»»

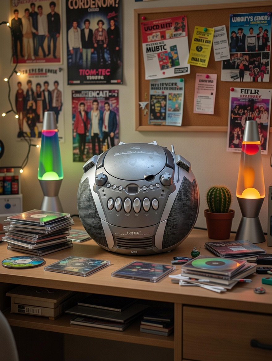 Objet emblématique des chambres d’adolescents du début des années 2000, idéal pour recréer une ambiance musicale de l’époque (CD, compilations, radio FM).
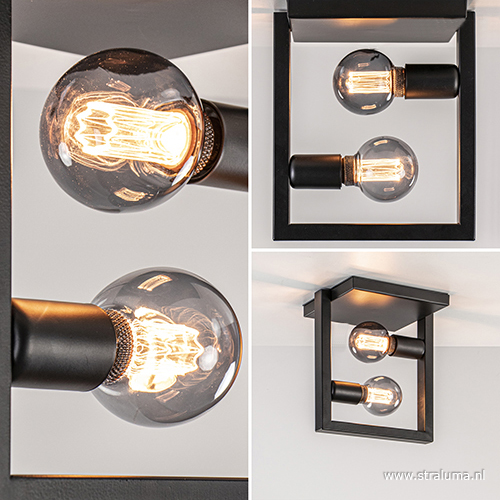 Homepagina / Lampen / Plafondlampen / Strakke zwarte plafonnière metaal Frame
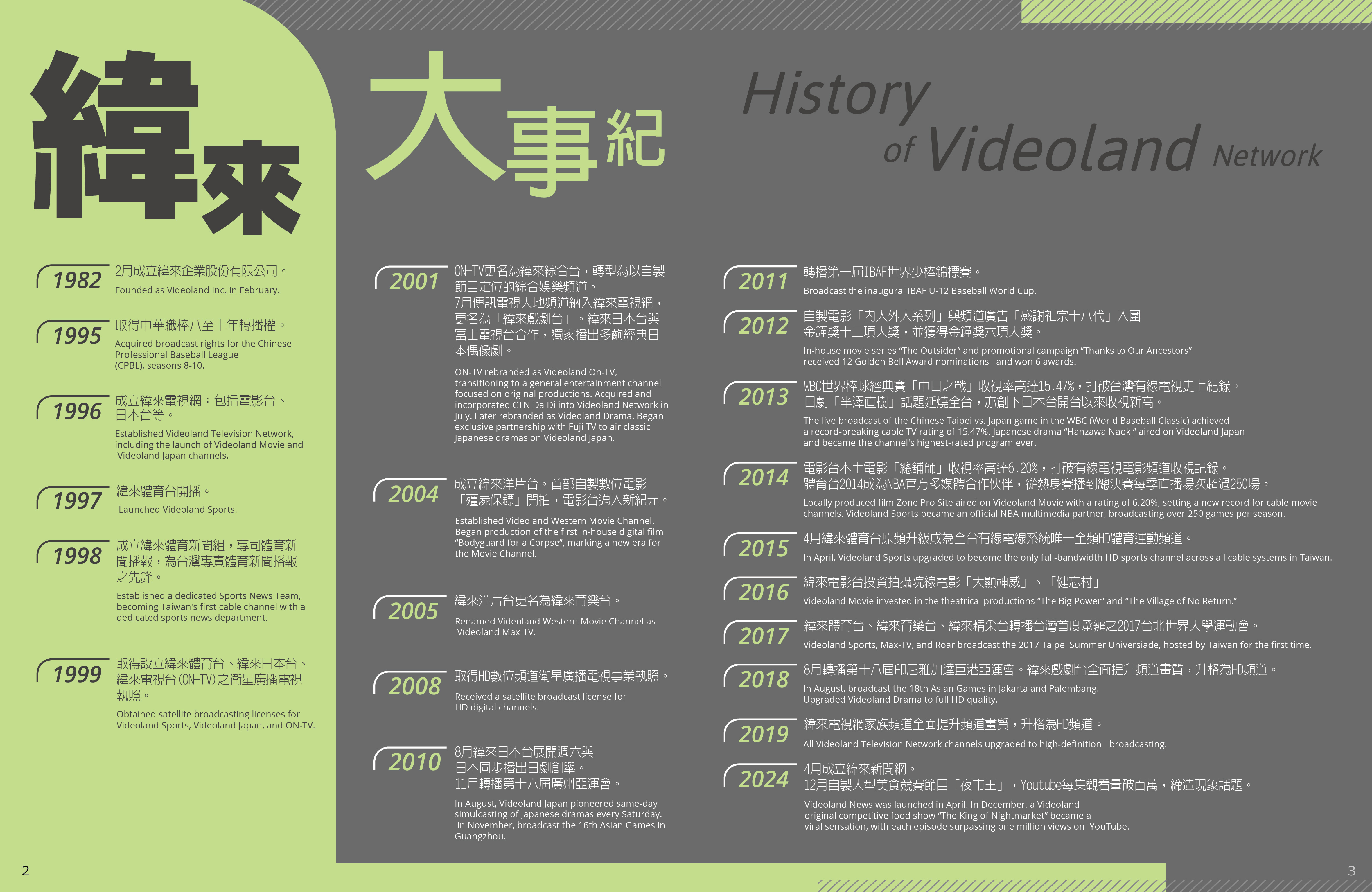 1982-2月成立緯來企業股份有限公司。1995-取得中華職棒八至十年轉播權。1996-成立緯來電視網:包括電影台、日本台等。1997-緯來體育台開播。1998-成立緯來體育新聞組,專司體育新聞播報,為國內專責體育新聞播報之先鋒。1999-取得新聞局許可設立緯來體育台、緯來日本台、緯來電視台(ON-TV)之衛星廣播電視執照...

««

• Required action
All of the data must be given again exactly, without the pictures.

• Answer to the exercise
 Objet emblématique des chambres d’adolescents du début des années 2000, idéal pour recréer une ambiance musicale de l’époque (CD, compilations, radio FM).
 Homepagina / Lampen / Plafondlampen / Strakke zwarte plafonnière metaal Frame
 1982-2月成立緯來企業股份有限公司。1995-取得中華職棒八至十年轉播權。1996-成立緯來電視網:包括電影台、日本台等。1997-緯來體育台開播。1998-成立緯來體育新聞組,專司體育新聞播報,為國內專責體育新聞播報之先鋒。1999-取得新聞局許可設立緯來體育台、緯來日本台、緯來電視台(ON-TV)之衛星廣播電視執照...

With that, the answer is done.